The Srebrenica Genocide and its Chronology

During the aggression against the Republic of Bosnia and Herzegovina (1992-1995), the Bosniaks were subjected to the gravest form of crimes against humanity and international law – genocide. This has been confirmed by the International Criminal Tribunal for the former Yugoslavia (ICTY) and the International Court of Justice (ICJ) in The Hague. The genocide in Srebrenica, committed in 1995, represents one of the darkest moments in modern European history.

In July 1995, the enclave of Srebrenica, which had been declared a "protected area" by the United Nations, became the scene of a massive crime when forces of the Bosnian Serbs, led by Serbian General Ratko Mladić, planned and systematically carried out the massacre of more than 8,000 civilians. Under the military leadership of Mladić and guided by the political instructions of Radovan Karadžić, then president of the Republic of Srpska, the Army of the Republic of Srpska (VRS) orchestrated a deliberate assault on Srebrenica. At the beginning of July, Serbian forces launched an offensive on the city, resulting in a massive exodus of civilians towards the UN base in Potočari, one of the settlements of Srebrenica. Dutch troops, stationed as UN peacekeeping forces, failed to stop the advance of the Serbian troops, and the city quickly fell under the control of the VRS. The events that followed represent the gravest form of crimes against humanity and international law – genocide.

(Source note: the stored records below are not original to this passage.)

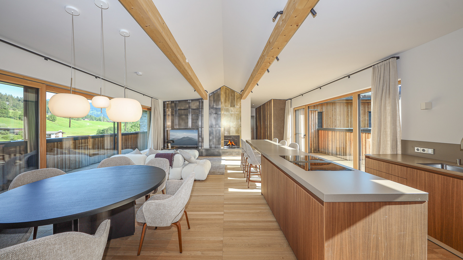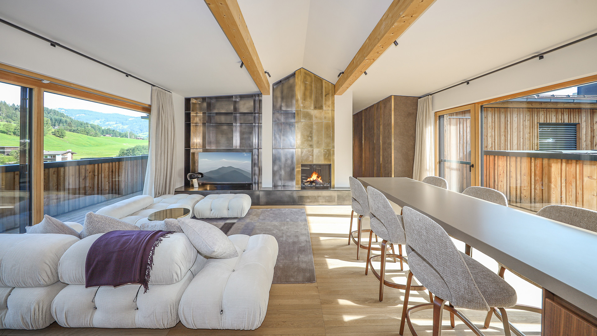 Weiters verfügt das Luxus-Apartment über einen großen Wohnbereich mit Gas-Kamin, offener Designer-Küche und gemütlichem Essbereich.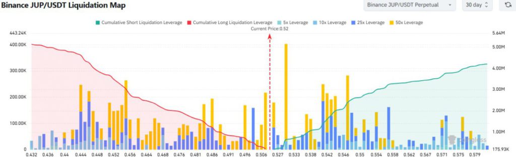 Pada grafik harian, ditemukan bahwa Jupiter (JUP) diperdagangkan dalam kisaran jangka panjang yang telah ditetapkan. Kisaran ini berada antara $0,33 hingga $0,63 dengan titik tengah di $0,48, yang saat ini sedang diperebutkan oleh para pembeli dan penjual.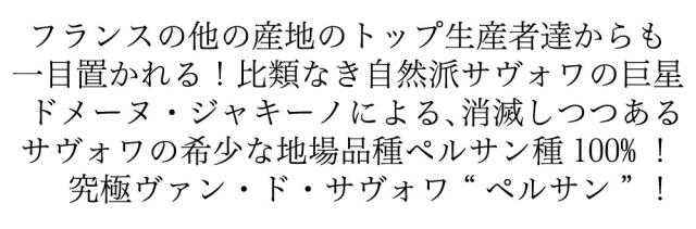フランスの他の産地のトップ生産者達からも一目置かれる!比類なき自然派サヴォワの巨星ドメーヌ・ジャキーノによる、消滅しつつあるサヴォワの希少な地場品種ペルサン種100%!

The genocide was planned and announced as early as 1992, with the onset of the aggression on the Republic of Bosnia and Herzegovina, reaching its climax in Srebrenica. Armed forces from the Republic of Srpska, alongside units from the Federal Republic of Yugoslavia and the self-proclaimed "Republic of Serbian Krajina," as well as foreign mercenaries, occupied the UN's safe zone in Srebrenica. This move, driven by the ideology of Greater Serbia, set the stage for systematic deportations and mass executions. Men, boys, and the elderly were separated from women and children, and thousands were taken to various locations and executed. Mass executions occurred in several places. In total, over 8,000 Bosniak men and boys were executed.

Beyond the mass executions, the civilian population suffered indescribable agony during deportations to free territories and in captivity. Women, children, and the elderly were subjected to abuse, rape, and other forms of violence by VRS soldiers. Following the atrocities, numerous mass graves were discovered, while many victims are still listed as missing.

At the dawn of the 21st century in Europe, in full view of the world and the international community, a horrendous crime unfolded, eliciting global condemnation and prompting the international community to reevaluate its actions during the war in Bosnia and Herzegovina. Srebrenica became a symbol of suffering and injustice. Realizing the extent of the crime committed and the international community's reaction, the perpetrators, in their effort to conceal their crimes, embarked on the final act of genocide. They excavated mass graves, re-mutilated the bodies with bulldozers, and transferred their parts to other, secondary graves. Following the discovery of mass primary, secondary, and even tertiary graves, more than 6,000 victims were identified. Their remains were moved to the Memorial Center in Potočari, which today stands as one of the largest memorial centers in the world.

International courts, the International Criminal Tribunal for the former Yugoslavia (ICTY) and the International Court of Justice (ICJ) in The Hague, have ruled that the crimes committed in Srebrenica in July 1995 constitute GENOCIDE. Many individuals have been convicted for their individual and command responsibility for these crimes. Unfortunately, in the Serbian public, this proven genocide is denied, and the crimes committed against Bosniaks are glorified. The glorification of genocide and war criminals poses a challenge for the society of Bosnia and Herzegovina and the region, making the process of reconciliation and coming to terms with the past more difficult.

Presenting the facts about the Genocide in Srebrenica helps preserve the memory of the victims, serves as a reminder of the importance of respecting human rights and international law under all circumstances, with the aim of ensuring that such crimes are never repeated anywhere.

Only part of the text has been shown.